Any recommendations?


----------



## CraigQQ (Jan 20, 2011)

autosol have a chrome coated plastic polish..
check google/ebay/the traders here for it


----------



## kempe (Jan 9, 2011)

CraigQQ said:


> autosol have a chrome coated plastic polish..
> check google/ebay/the traders here for it


Thank you :thumb:


----------



## Driven (Jul 10, 2010)

kempe said:


> Wouldnt use it on plastic chrome there is a cleaner out there for that but on other stuff its great. Takes a while on heavy build up but leaves a nice finish :thumb:


Just to confirm then... this stuff is OK on standard ford alloys and the tail pipe?


----------



## Bratwurst (Jan 23, 2009)

I wouldn't use it lacquered alloys myself.
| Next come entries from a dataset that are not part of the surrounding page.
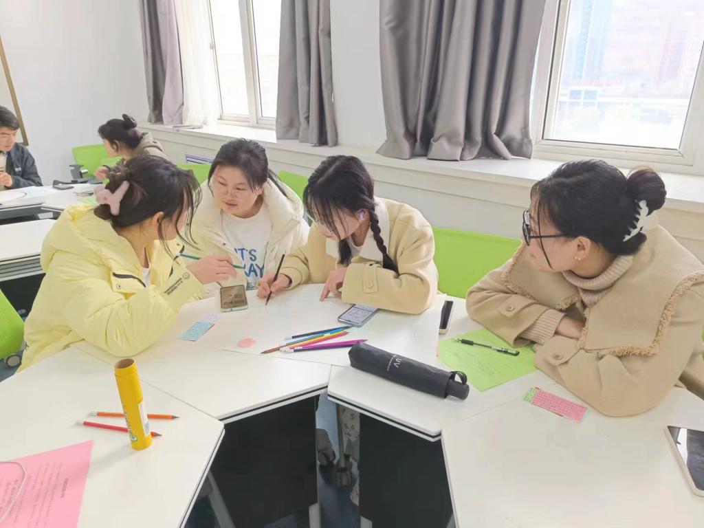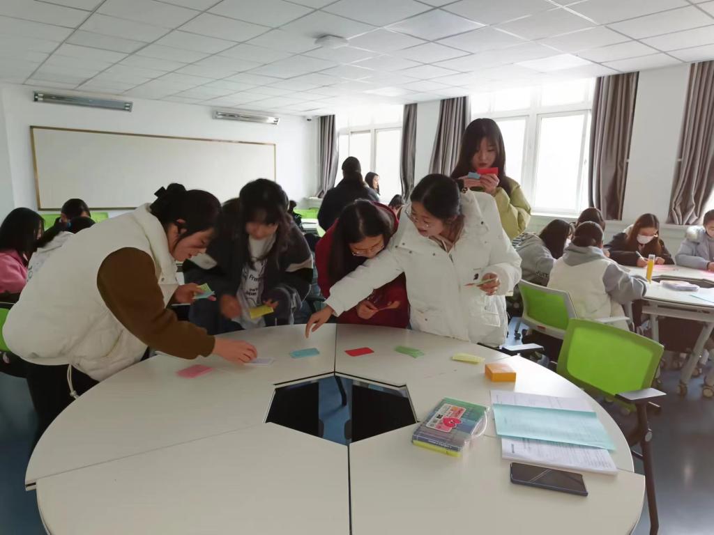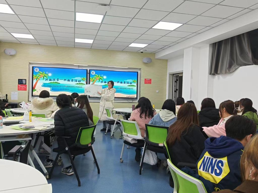 简要开题后,两位老师为同学们带来了霍兰德职业兴趣测试:假设同学们获得了一次免费度假游甚至永久定居的机会,有机会去六个岛屿中的一个,在不考虑其他因素的情况下,仅凭自己的兴趣爱好选择想去的岛屿。同学们都很活跃,纷纷从自然原始的岛屿、深思冥想的岛屿、美丽浪漫的岛屿、友善亲切的岛屿、显赫富庶的岛屿、现代井然的岛屿中快速做出了选择。大多数同学都选择了美丽浪漫的岛屿、友善亲切的岛屿、显赫富庶的岛屿和现代井然的岛屿,很少有同学选择深思冥想岛和自然原始岛。接下来同学们按照自己所选的岛屿类型围坐在一起,“建立”起属于自己的“社区”,全体“岛民”共同商讨岛屿的命名,通力合作将想象中的岛屿画成海报,最终派代表向同学们宣传介绍,吸引其他岛上的居民前来参观和生活。
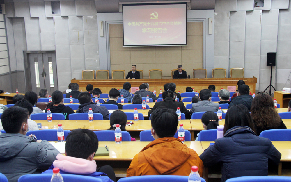 2021年12月21日下午,继教学院、城南学院、校友中心在金盆岭校区办公大楼一楼多功能报告厅,联合举办了十九届六中全会精神学习报告会,邀请副校长谈传生教授为三个部门的全体教职工作了学习辅导报告。
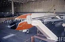 Under John F. Kennedy, presidential air travel entered the jet age.[36] Although he could use the Eisenhower-era jets for trips to Canada, France, Austria, and the United Kingdom, when he came into office, his primary aircraft domestically was still a prop powered Douglas VC-118A Liftmaster.[37] In October 1962, the modified long-range Boeing VC-137C Stratoliner SAM 26000, featuring livery designed by Loewy would be delivered, and immediately became an important element of the Kennedy administration's brand.[29]
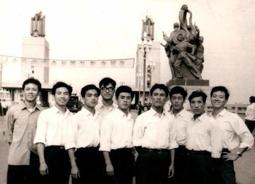 徐州礦務(wù)局宣傳隊(duì)1975年第一次參加省會演,李治良(左3)與,部分隊(duì)員在南京長江大橋合影
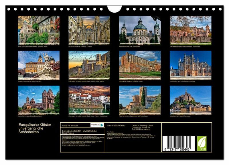 Für diesen Kalender hat der Fotokünstler Peter Roder zwölf beeindruckende Aufnahmen geschichtsträchtiger Klosteranlagen zusammengestellt und gestaltet, ein zauberhafter Hingucker für das ganze Jahr und ein schönes Geschenk für die, die wir lieben.
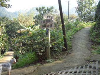 | 從橋旁的土地公廟往寬大的產業道路直往上走,約五分鐘即抵達「萬家香土雞城」及其停車場,在此道路的右側,深坑鄉公所立有「炮子崙登山步道」的佈告板一座。循此佈告板後方上山的道路,便為「炮子崙步道」。 「炮子崙步道」(走到中途,深坑鄉公所又命名為「深坑步道」)全長不過1公里而已,但卻不失可作為郊野行走的悠閒路線。在亮眼陽光穿透、鋪陳的山林間,對於平時有點膽小的Ery,卻是十足放開懷的雀躍行程;倒是累壞了回家後的我,還需要忙著幫牠洗澡,並一一挑除牠身上所沾粘的眾多草籽。 一人一狗快樂的緩行至「深坑與木柵交界」的山中古厝附近,遇見在菜園中忙碌農事的老伯,開口向他問好後,倆人閒聊幾句「炮子崙步道」的古早使用意義及周邊環境、地域分野的話題。已屆八十高齡的老伯,身體仍是硬朗與健康,未有歲月的痕跡在其身上停駐的印象。聽著我這樣的讚譽,老伯樂的合不攏嘴的回說:他每天忙碌著菜園的工作,就忘記要老化的事情了、、。 |

It's more for bare metal is it not?


----------



## Bratwurst (Jan 23, 2009)

Sorry, just read the description on Shiearama there and it does say 'all wheels'...

I'd still be pretty dubious myself as to whether this is safe or not...


----------



## Driven (Jul 10, 2010)

wee_green_mini said:


> Sorry, just read the description on Shiearama there and it does say 'all wheels'...
> 
> I'd still be pretty dubious myself as to whether this is safe or not...


Also little worried...

However another description suggesting it will be ok:

http://www.elitecarcare.co.uk/meguiars-nxt-generation-all-metal-polysh.php?cPath=24



> As All Metal Polysh cleans, it leaves a protective coating over the metal to fight corrosion and environmental degradation. The Engineered Synthetic Polymers shield the metal from moisture and contaminants to prevent future damage.
> 
> Use Meguiars All Metal Polysh on metal and chrome plated exhaust pipes, grills, wheels, and trim. Also use this polish to keep your bike components clean and shiny. It also works on all aluminium, brass, copper, silver, and other bright work components.
> 
> ...


Seems to suggest I can use it on the plasticky chrome trim on Fords also?


----------



## Bratwurst (Jan 23, 2009)

Says on Polished Bliss - "Meguiar's NXT All Metal Polysh is an advanced metal polish that cleans and protects stainless steel exhausts, chrome wheels, chrome air intakes *and all other bare metal surfaces*. Microscopic Diminishing Abrasive Technology (MDAT) removes built-up oxidation, tarnishing and staining faster and more safely than traditional abrasive polishes, while new anti-corrosive agents lock in the shine and protect against the elements."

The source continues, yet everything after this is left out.